When the Final Solution was extended westward from the occupied Soviet Union to the rest of Europe in 1942, this created a problem in German-Danish relations. Danish authorities understood that yielding Jewish citizens to Germany would compromise Danish sovereignty. In December 1942, the United States, Great Britain, and the Soviet Union issued a warning that collaborators in the German crime of killing Jews would face consequences after the war. Sovereign governments, such as the Danish one, were in a position to heed such warnings. In early 1943, after the German surrender at Stalingrad, the tide of the war turned visibly against Germany. Copenhagen had ever less reason to participate in the Final Solution, while German authorities had ever less reason to alienate the Danes.

The elimination of the Jews nevertheless remained a constant priority in Berlin, and for Werner Best, the leader of the Nazi occupation authority in Denmark. In his initial communications with Berlin, Best maintained that a Final Solution in Denmark was impractical, since it would violate the constitution and lead to the fall of the government. This would force a massive German intervention and disrupt the favorable equilibrium that had been attained. But when the Danish government fell for other reasons, Best saw the opportunity to kill the Jews. It could be done, he thought, in the interval of instability, before a new government was formed. He made the appropriate proposal to Berlin in early September 1943.
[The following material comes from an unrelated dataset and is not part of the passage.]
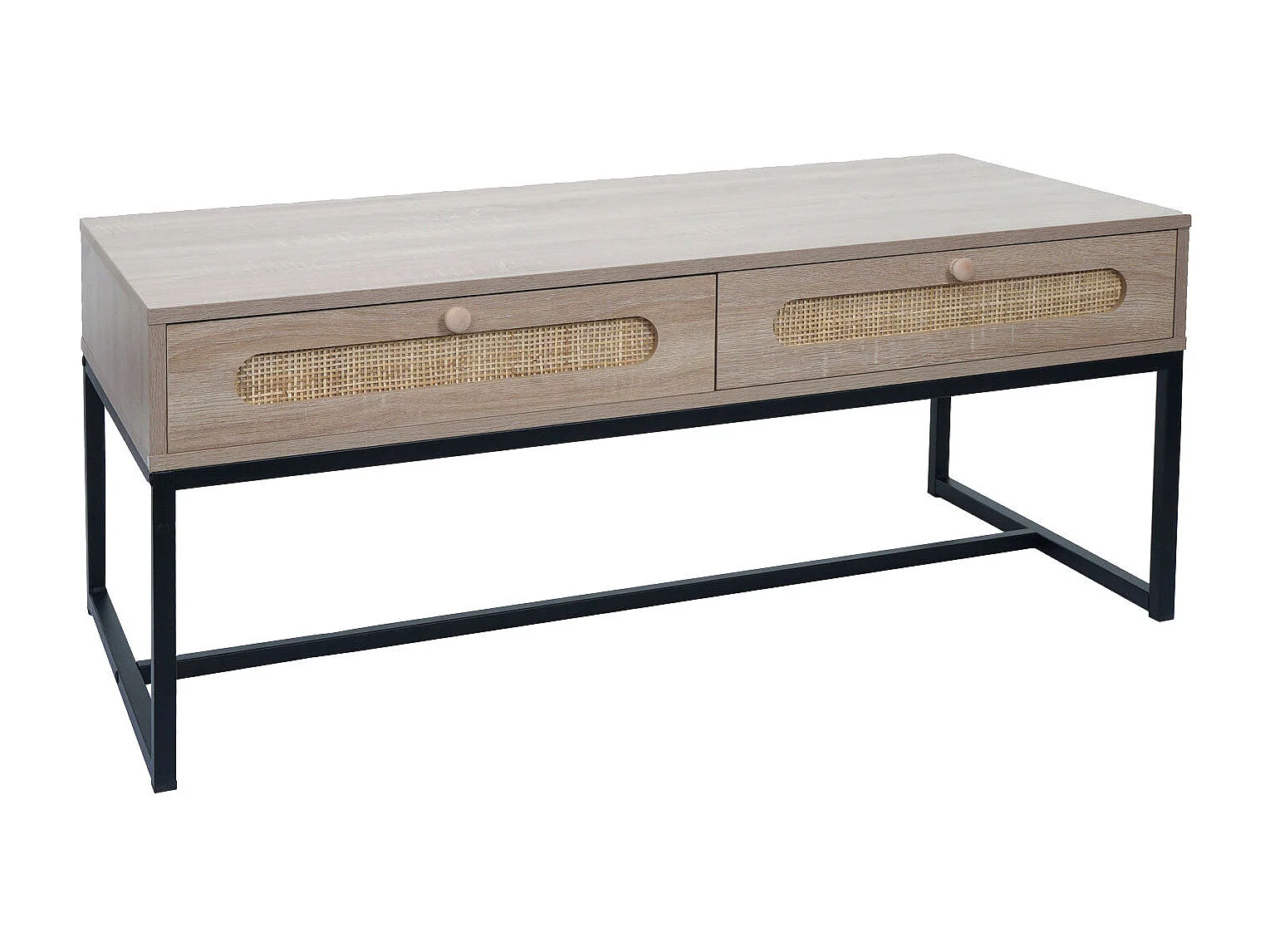 Table Basse 115x22x44 cm en Bois Massif de Sheesham et Métal, Table de Salon Design Moderne, Table
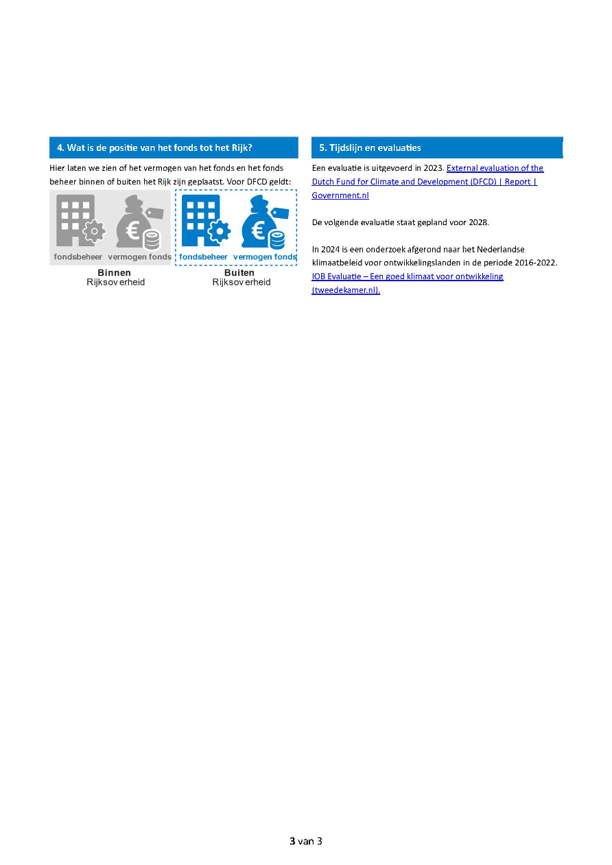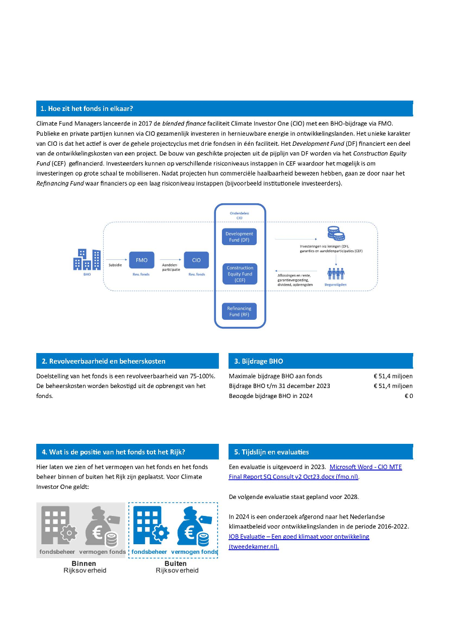 Tijdens de begrotingsbehandeling van Buitenlandse Handel en Ontwikkelingshulp 2024 (36410-XVII) is toegezegd de Tweede Kamer bij de memorie van toelichting bij de begroting 2025 door middel van factsheets te informeren over revolverende fondsen, onder meer over de omvang, looptijd en informatie over wie de fondsen beheren en uitvoeren. De factsheets van dertien revolverende fondsen die onder de verantwoordelijkheid van de Minister voor Buitenlandse Handel en Ontwikkelingshulp vallen zijn daarom als bijlage gevoegd. Een format van het factsheet is eerder met de Tweede Kamer gedeeld (TZ202402-028). Tijdens het Schriftelijk Wetgevingsoverleg van 27 juni jl. hebben de rapporteurs het voorstel ondersteund om dit format te gebruiken.

There was a will but there was not a way. Rudolf Mildner was assigned to Copenhagen as the head of the Security Police and SD on September 20. He came directly from Katowice, in occupied Poland, where he had been the Gestapo chief with responsibility for Auschwitz. In other words, he was hardly a man without experience in the mass murder of Jews. Yet what he saw in Copenhagen convinced him that a Final Solution, at least of the sort that had been achieved in the stateless zone, was impossible in Denmark. He was confronted in Copenhagen with institutions that had been abolished further east: a sovereign state, political parties with convictions and support, local civil society in various forms, a police force that could not be expected to cooperate. Other German authorities had already drawn much the same conclusion. The local army commander refused to support the German police in any action against Jews. The local naval commander sent all of his ships for repairs on the day chosen for the roundup of Jews, October 2, 1943, so that the coast would be clear for whatever the Danes would wish to do. He also informed Social Democratic politicians of the date, and they in turn informed Danish Jews.

Denmark’s neighbor Sweden, neutral in the war but complicit in the economic side of Germany’s war effort, had every reason in 1943 to demonstrate a tilt towards the Allies. The Swedish government now proposed to Germany that Sweden take Denmark’s Jews. It repeated the proposal over the radio on an open frequency, so that Danish Jews knew that they would be welcome in Sweden. Danes then arranged for a flotilla to ship their Jewish population to Sweden. The German police knew about this undertaking and did not stop it; the German navy watched the Danish boats float slowly by. The Danish citizens did this work at little risk to themselves, since helping their fellow citizens was not a crime in their own country. The German police raid of October 2 caught only 481 of the 6,000 or so Jews of Danish citizenship. The sovereign Danish government intervened with Berlin on behalf of these citizens. Some of them were released, and the rest were sent to Theresienstadt, a transit camp in what had been Terezín in Czechoslovakia, rather than to Auschwitz. Not a single one of them was gassed. Other Jews from other countries were however sent from Theresienstadt to Auschwitz and murdered to make room for the Danish Jews. German authorities took advantage of the presence of Danish Jews to make a propaganda film about the ostensibly good conditions for Jewish life in their camps.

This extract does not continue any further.